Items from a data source
• • • • • • •
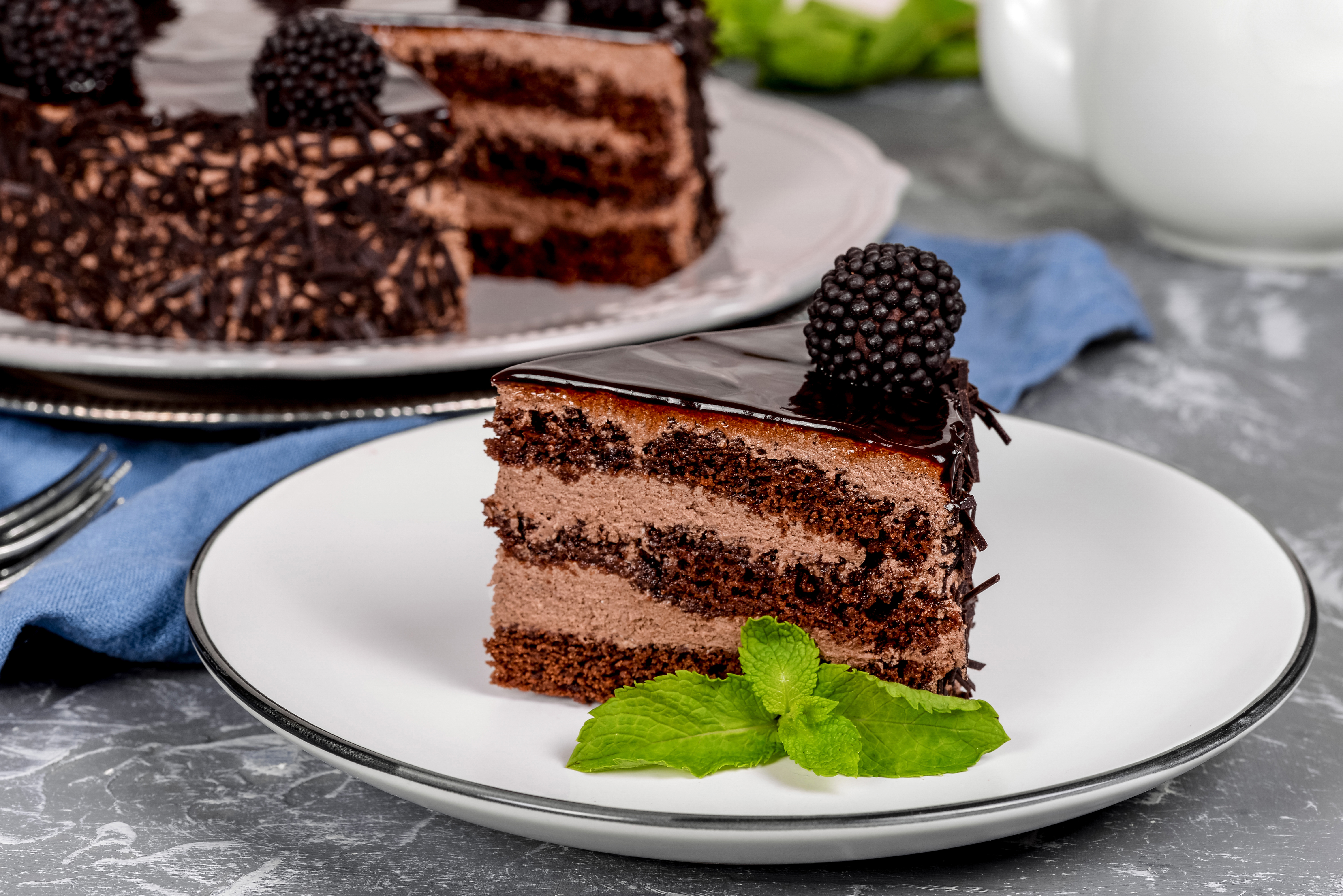 Description: A slice of chocolate cake with a chocolate frosting and blackberries on top of it on a plate.
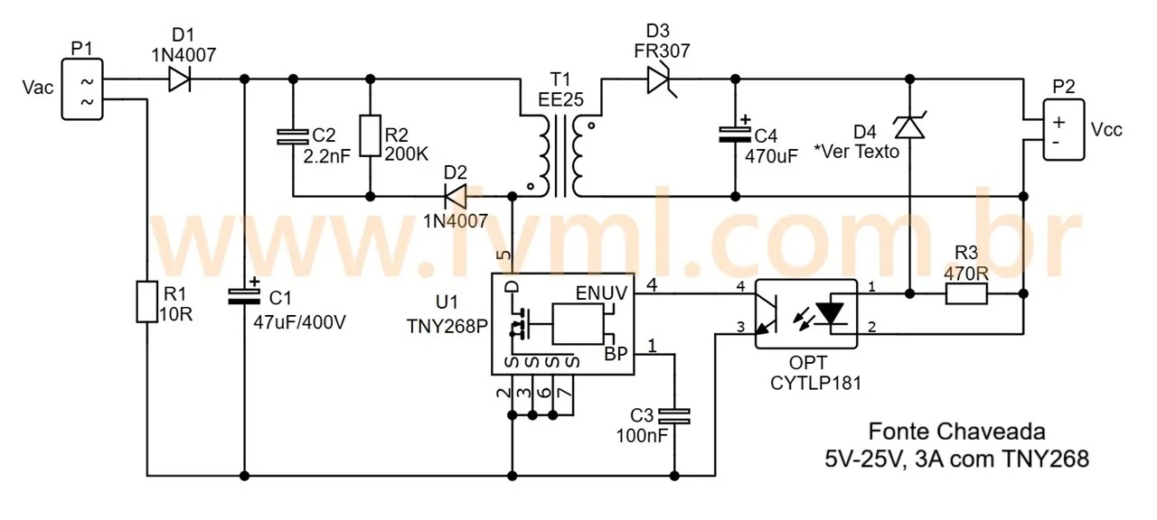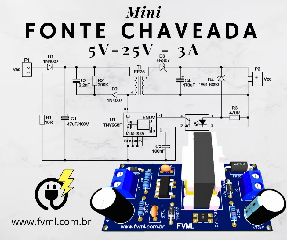 Mini Fonte de Alimentação Chaveada 5V – 25V, 3A com TNY268 com PCI
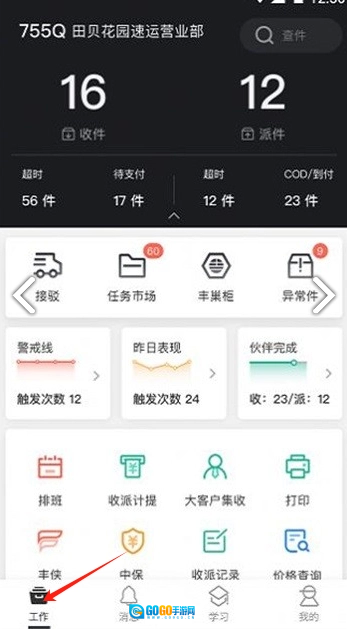 2.进入“工作”界面,查看当天的派件、收件任务。
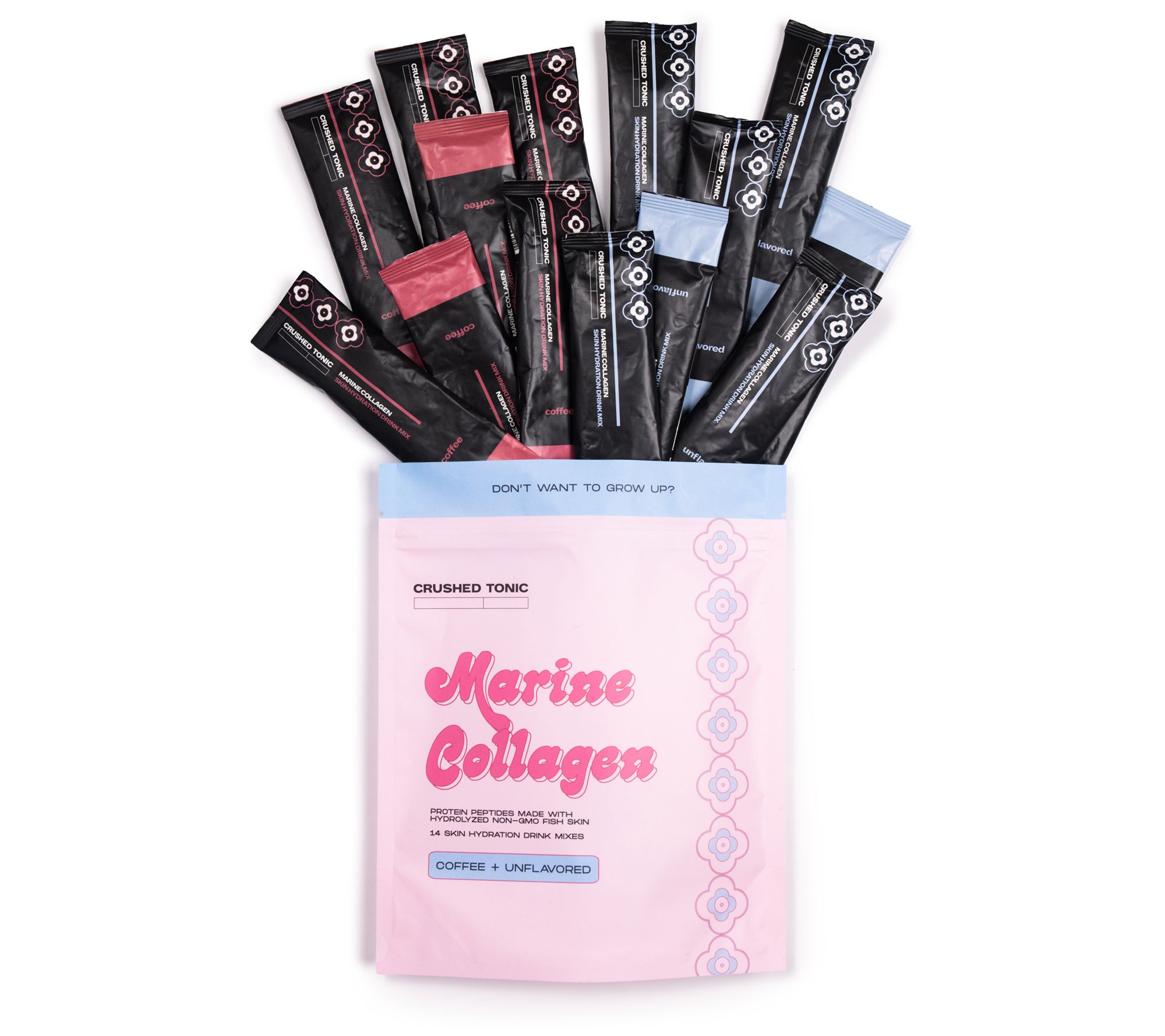 Supplement your nutritional needs (no matter where your day takes you!) with Crushed Tonic On the Go Marine Collagen. Enjoy the benefits of sustainably sourced marine collagen in a portable packaging that's easy to add to your routine. Marine collagen has been shown to improve skin hydration with daily intake, and may help to optimize skin's own natural collagen levels with continued use. Just combine with 1/3 cup of water and stir (or add to other flavored liquids, such as coffee, tea, smoothies, or soup). From Crushed Tonic.
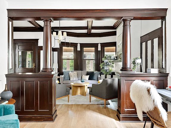 Rare opportunity to own a renovated home in the historic Ditmas Park neighborhood! Stunning contemporary design seamlessly integrates with classic elegance in this expansive 5 bed/2.5 bath (with option to add another bathroom) showstopper situated on a 5,000 sq ft lot, offering plenty of space for gardening, hosting a barbecue, or enjoying views of mature trees from the oversized screened porch featuring restored original hardwood floors and stained glass windows. Beautifully remodeled to showcase the original Victorian character, rich decorative woodwork, pocket doors, and stately fireplaces flowing throughout the interior amid white, modern elements for a bright and fresh feel. Enjoy relaxing by the fire in the living room or move to the formal dining space for a lavish meal. The immaculate gourmet kitchen features chef quality appliances, a farm sink, and an expansive center island, while an additional seating area provides open-concept living and dining. A finished lower level offers additional space with endless opportunity for a play area, home fitness center or entertainment room, while the second story hosts an incredible primary suite and three additional bedrooms. The third floor showcases cathedral ceilings in the hallway and offers several layout options including a secondary suite with an added bathroom, walk-in closet space and a home office. Enjoy a country like setting in the large yard complete with a patio and deck that's perfect for hosting large groups. Situated on a gorgeous block with old growth trees it's conveniently located to Newkirk Plaza which provides easy access to the many restaurants, specialty shops, and the Q and B trains.
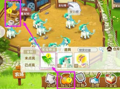 13、1牧场商店2饲养市场3仓库(动物产品、未放羊幼崽在这里)4装饰市场5图鉴收藏6活动7寻宝
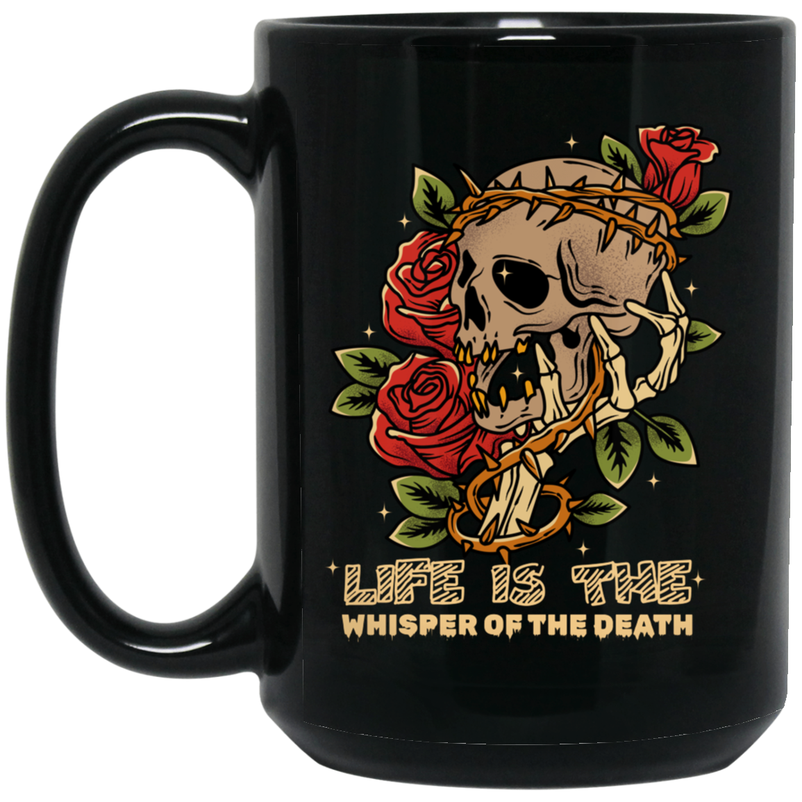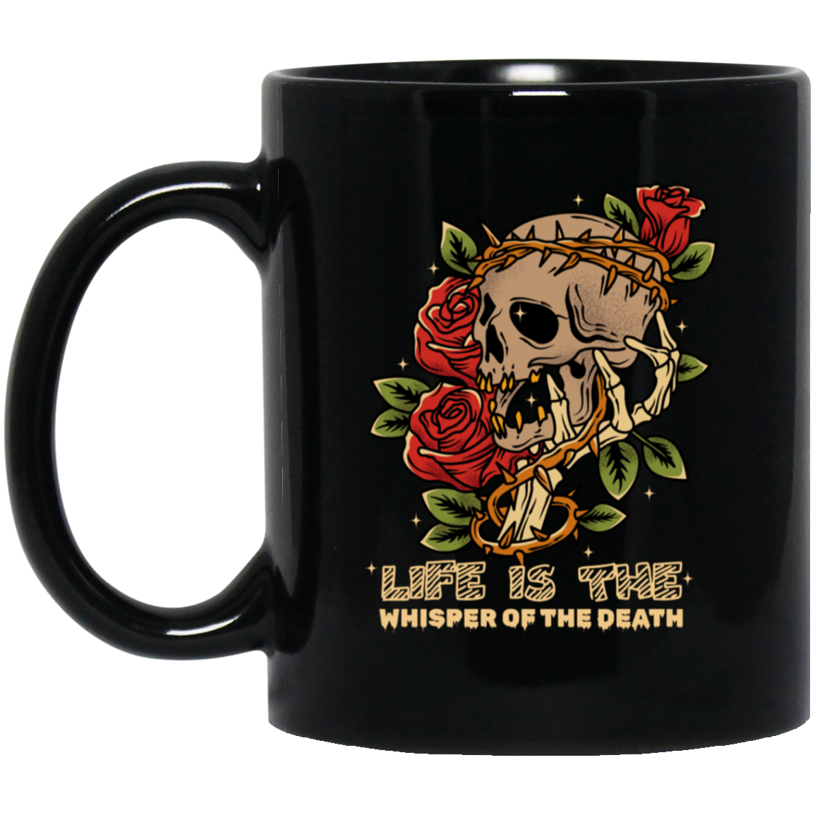 Life Is The Whisper Of The Death, Skull With Roses Black Mug
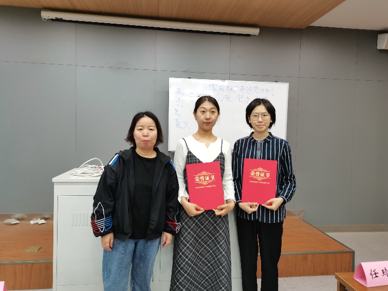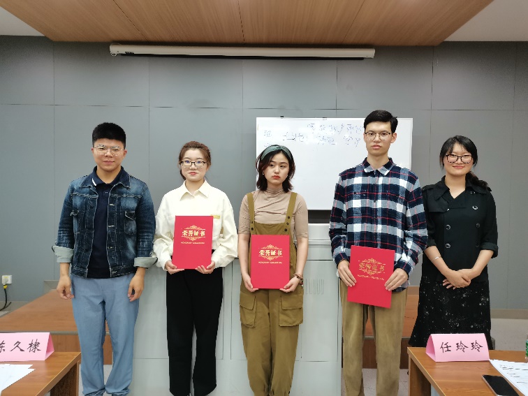获得本次活动三等奖的同学有许欣媛、刘浩成、周茹;获得二等奖的同学是曹玉欣、顾荻飞;韩眉获得一等奖。在热烈的掌声中,模拟求职大赛落下帷幕。各位评委老师为参赛选手颁发获奖证书,选手及各位评委移至91av 前坪合影留念。
• • • • • • •
▶ WHAT YOU NEED TO DO:
Leave the pictures out and repeat exactly the lines from the beginning of the records to the line bearing "Supplement your nutritional", both ends counted.

▶ EXERCISE RESPONSE:
 Description: A slice of chocolate cake with a chocolate frosting and blackberries on top of it on a plate.
 Mini Fonte de Alimentação Chaveada 5V – 25V, 3A com TNY268 com PCI
 2.进入“工作”界面,查看当天的派件、收件任务。
 Supplement your nutritional needs (no matter where your day takes you!) with Crushed Tonic On the Go Marine Collagen. Enjoy the benefits of sustainably sourced marine collagen in a portable packaging that's easy to add to your routine. Marine collagen has been shown to improve skin hydration with daily intake, and may help to optimize skin's own natural collagen levels with continued use. Just combine with 1/3 cup of water and stir (or add to other flavored liquids, such as coffee, tea, smoothies, or soup). From Crushed Tonic.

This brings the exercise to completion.